It's still only been four days here, so I am still getting used to the metro here, but it feels easier to master than New York City's subway system. It also makes me with Hartford had more than the most basic Commuter Rail. Apparently I'm here with good timing, as all the posters and signs around the stations advertise that their five-line system was finally fully completed last year, the entire original plan realized a full ten years after they started. I feel confident no one will mistake me for a tourist by the start of next week.

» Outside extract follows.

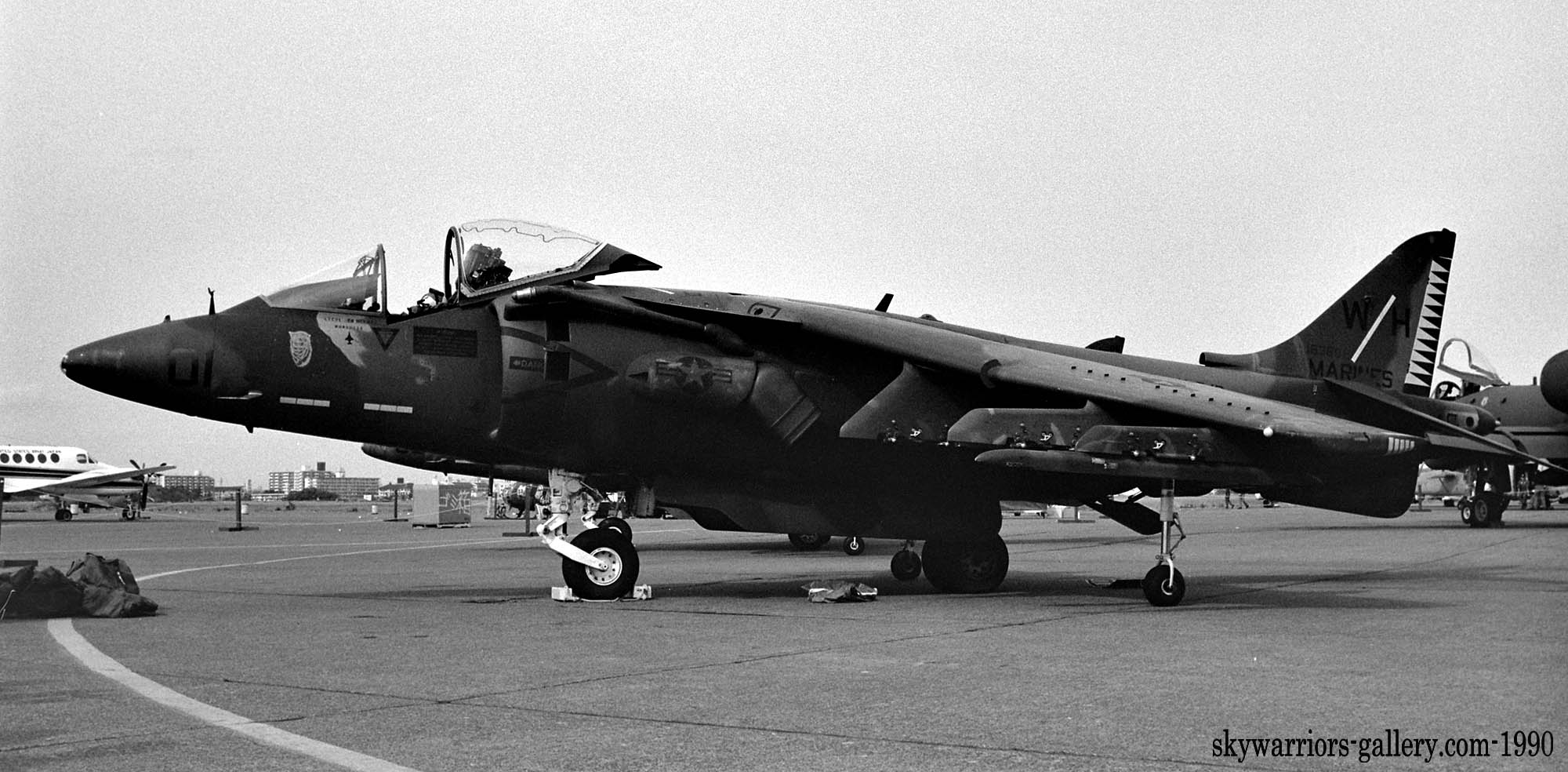 ↑1990年5月 岩国のエプロンに駐機していた、2機のVMA-542所属のAV-8B。WH-10/Bu.No.162967とWH-07/Bu.No.162962である。

My favorite part of the official program thus far was today's Speech Writing seminar. Forensics Club, of course, taught me most of the skills I'd need for powerful speaking – another reason I might make a good lawyer, I now realize – but no one ever taught me how to write actual speeches. Thus far, Chilton's English classes only covered writing essays and things other people would read. When writing to be heard, rather than read, there is a different skill set, and I wish I could've attended this Junior Leadership Program prior to my campaign for Student Council President. I taught myself enough, clearly, as I did succeed in being elected. However, many of the experts they brought in to speak with us have now taught me more. I am eager to find out what else I might learn over the course of the coming weeks.

Please let me know how life back home has been. Have you decided yet on your plans for July 4th weekend? I'll await your next letter.

Sincerely,  
Paris


	4. No Touch, No Fireworks!(song Lane wrote)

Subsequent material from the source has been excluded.